Design of intrinsically disordered protein variants with diverse structural properties.

Autor: Pesce F; Structural Biology and NMR Laboratory, The Linderstrøm-Lang Centre for Protein Science, Department of Biology, University of Copenhagen, Copenhagen, Denmark., Bremer A; Department of Structural Biology, St. Jude Children's Research Hospital, Memphis, TN 38105, USA., Tesei G; Structural Biology and NMR Laboratory, The Linderstrøm-Lang Centre for Protein Science, Department of Biology, University of Copenhagen, Copenhagen, Denmark., Hopkins JB; BioCAT, Department of Physics, Illinois Institute of Technology, Chicago, IL, USA., Grace CR; Department of Structural Biology, St.

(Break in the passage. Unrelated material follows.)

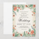 Une frise fleurie romantique encadre ce design évoquant une atmosphère douce et enchanteresse. De délicieuses fleurs de corail et une verdure verdoyante créent une belle présentation intemporelle. Cette pièce exhale une élégance classique pour une occasion mémorable.

Jude Children's Research Hospital, Memphis, TN 38105, USA., Mittag T; Department of Structural Biology, St. Jude Children's Research Hospital, Memphis, TN 38105, USA., Lindorff-Larsen K; Structural Biology and NMR Laboratory, The Linderstrøm-Lang Centre for Protein Science, Department of Biology, University of Copenhagen, Copenhagen, Denmark.
Jazyk: angličtina
Zdroj: BioRxiv : the preprint server for biology [bioRxiv] 2023 Oct 24. Date of Electronic Publication: 2023 Oct 24.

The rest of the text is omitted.